O beneficiário entrou na Justiça com pedido de tutela provisória de urgência para conseguir a autorização da gestora de planos de saúde e o custeio da internação. A liminar foi deferida e a decisão, confirmada em primeira instância. Agora, na segunda instância, os desembargadores concordaram novamente com os argumentos do paciente.

A relatora, desembargadora Fátima Rafael, entendeu que o plano de saúde não pode recusar a internação hospitalar quando caracterizado o estado de urgência. Frisou ainda, conforme a Lei nº 9.656/98, que nas hipóteses de cobertura em casos de emergência o prazo máximo de carência permitido é de 24h.

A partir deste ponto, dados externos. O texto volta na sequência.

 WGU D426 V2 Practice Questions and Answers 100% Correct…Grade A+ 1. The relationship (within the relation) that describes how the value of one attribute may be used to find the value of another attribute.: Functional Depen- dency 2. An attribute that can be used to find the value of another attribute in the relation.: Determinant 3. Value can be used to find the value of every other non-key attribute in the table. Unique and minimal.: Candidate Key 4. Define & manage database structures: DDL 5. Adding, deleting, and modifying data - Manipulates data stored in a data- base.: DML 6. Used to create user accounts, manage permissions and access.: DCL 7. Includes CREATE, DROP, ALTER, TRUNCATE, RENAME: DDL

“A situação emergencial abrange todos os procedimentos indispensáveis e pelo tempo necessário à preservação da vida do paciente segurado,” considerou a desembargadora, acrescentando ser “desnecessário comentar acerca da urgência/emergência em que se encontrava o apelado (autor) quando foi atendido no Hospital Santa Marta necessitando ser admitido em leito de UTI-COVID.”

O número do processo é 0709003-25.2021.8.07.0003.